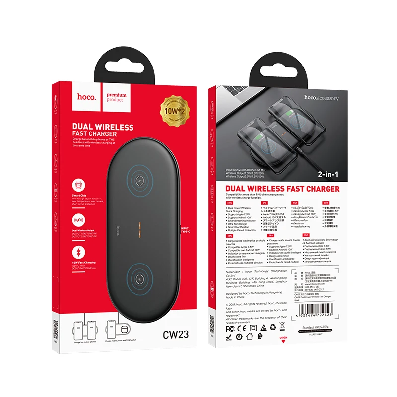 Беспроводное зарядное устройство HOCO CW23, белоечёрное
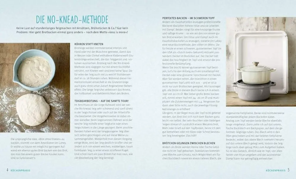 Seit 30.000 Jahren backen Menschen Brot. Da sollten wir wissen, was schmeckt und gut bekömmlich ist. Stattdessen führen moderne Turbo-Treibmittel zu Brotfrust und Unverträglichkeiten. Was tun? Selbst backen mit einem traditionellen Verfahren, das just in time sein Comeback feiert: Einfach Wasser, Mehl, Hefe und Salz vermischen. Das ist obersimpel, dauert 5 Minuten, und den Rest erledigt der Teig durch das langsame Gehen von alleine. Nach 20 Stunden Ruhe geht es – ganz ohne mühsames Kneten – ab in den Ofen. Heraus kommen Brote mit knuspriger Kruste und herrlich aromatischem Inneren. Das Prinzip ist so sicher, dass Sie damit die ganze Welt des Brotbackens zu sich nach Hause holen: mit verschiedenen Mehlsorten und mit vielen Zutaten wie Trockenfrüchten, Quinoa oder Hirse, kräftigen Gewürzen, Speck, Kürbis, Möhren oder Käse. Für all diese Brotsorten brauchen Sie nur einen Bräter mit Deckel und diese unwiderstehlichen Rezepte. Und auch Semmeln und Seelen, Pizza und Foccacia gelingen mit der no-knead-Methode!
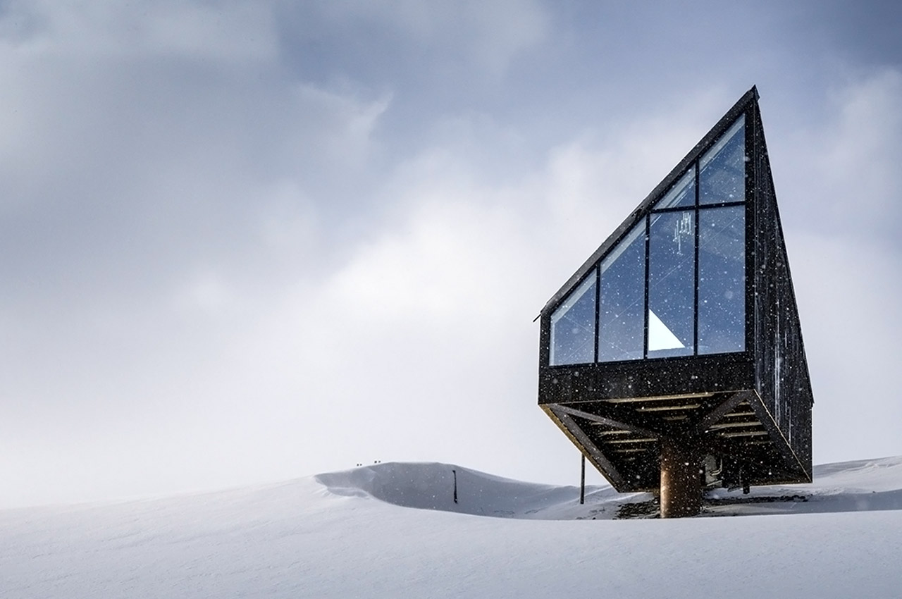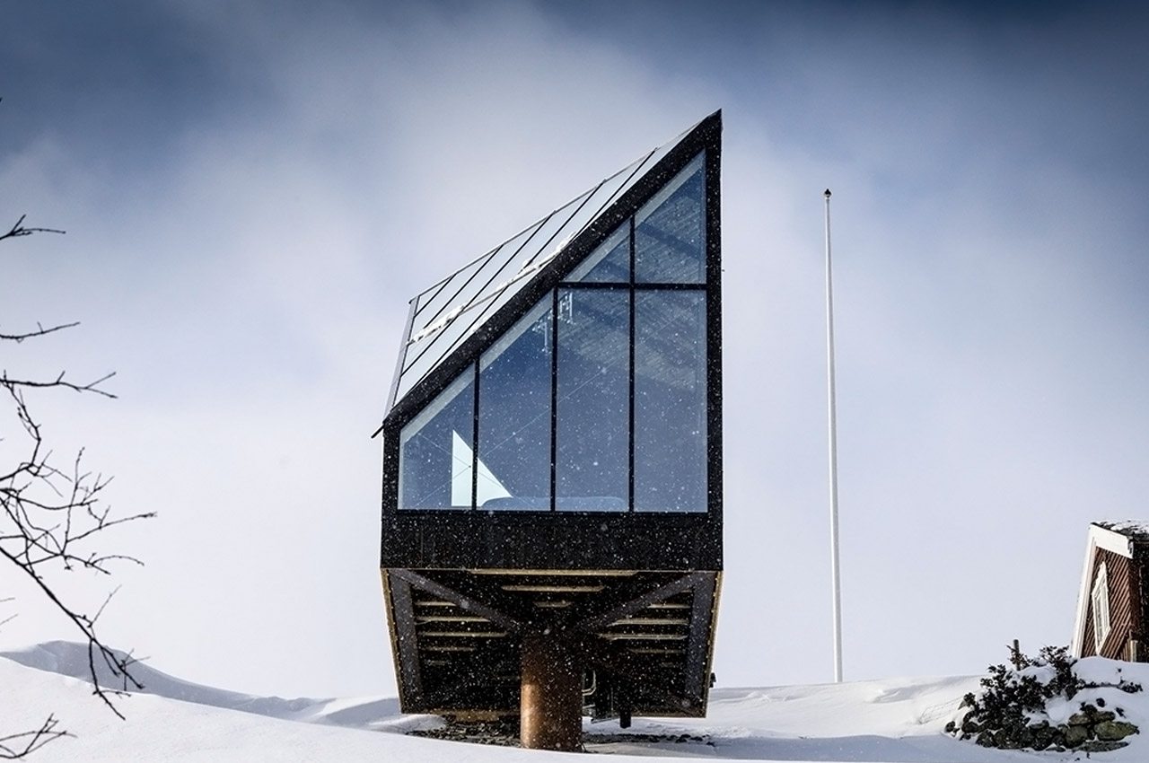 The Diamanten Cabin, which is positioned atop a cylindrical support pillar in Oppdal, Norway, was constructed within its mountainous, pre-existing framework. The architects with A38 Arkitekter centralized environmental harmony in designing their winter annex; adjacent log cabins punctuate corners of the valley where the diamond-shaped cabin perks. The final structure is visually enigmatic, but chameleon-like in its commitment to reinvigorating, yet respecting the community to which it belongs. Nestled nearby traditionally vibrant timber cabins, the Diamanten Cabin is unassuming in size, with a total of only a single, open room.
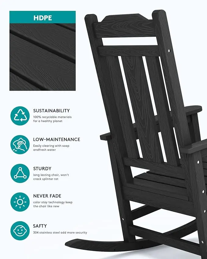 ·【Weather Resistance】Enjoy outdoor relaxation without interruption. Our front porch rocking chairs are less prone to warping, fading, or rusting, ensuring that your rocking chair remains in good condition and free from the various weather conditions.
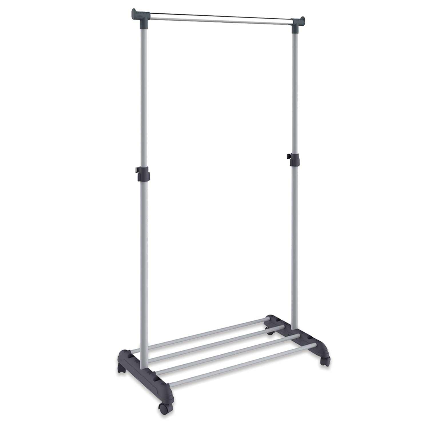 Многофункциональная передвижная гардеробная вешалка. Помимо традиционной штанги для плечиков, оснащена полками для обуви и боковыми крючками для сумок, зонтов и головных уборов. Имеет колесную опору.
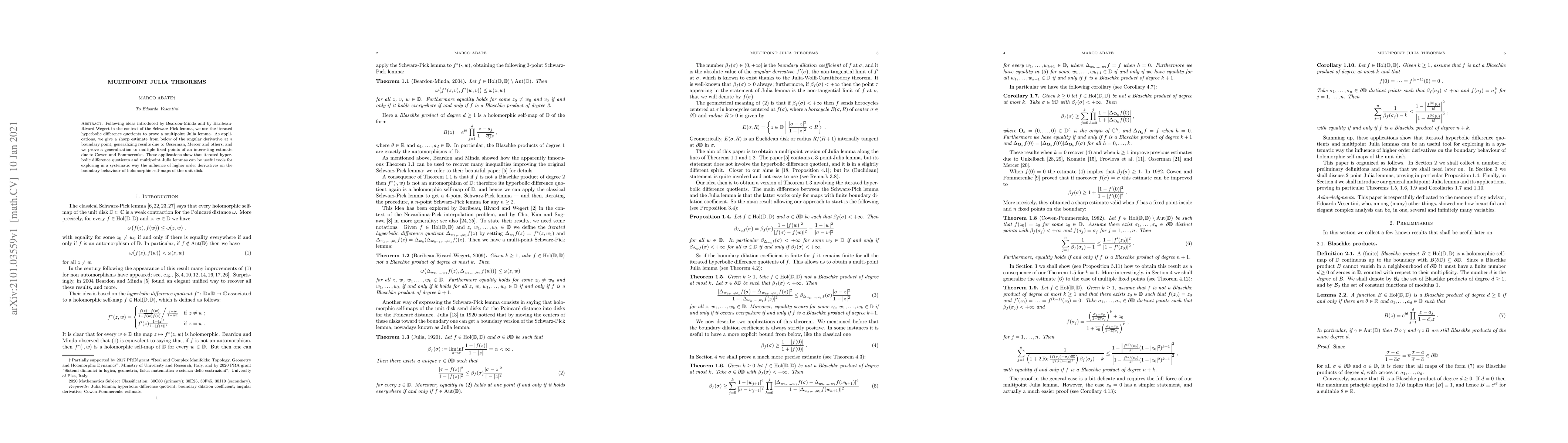 This research introduces a new approach using hyperbolic difference quotients to extend Julia's lemma to multiple points, providing sharper estimates of boundary behavior for holomorphic functions. These results help understand how higher derivatives influence the function's boundary dynamics in the unit disk.

========================================================================

» Problem to solve: Copy exactly, and only, the lines running from the one containing "Многофункциональная передвижная гардеробная" through the final line of the data, and omit the pictures.

» Answer to the exercise:
 Многофункциональная передвижная гардеробная вешалка. Помимо традиционной штанги для плечиков, оснащена полками для обуви и боковыми крючками для сумок, зонтов и головных уборов. Имеет колесную опору.
 This research introduces a new approach using hyperbolic difference quotients to extend Julia's lemma to multiple points, providing sharper estimates of boundary behavior for holomorphic functions. These results help understand how higher derivatives influence the function's boundary dynamics in the unit disk.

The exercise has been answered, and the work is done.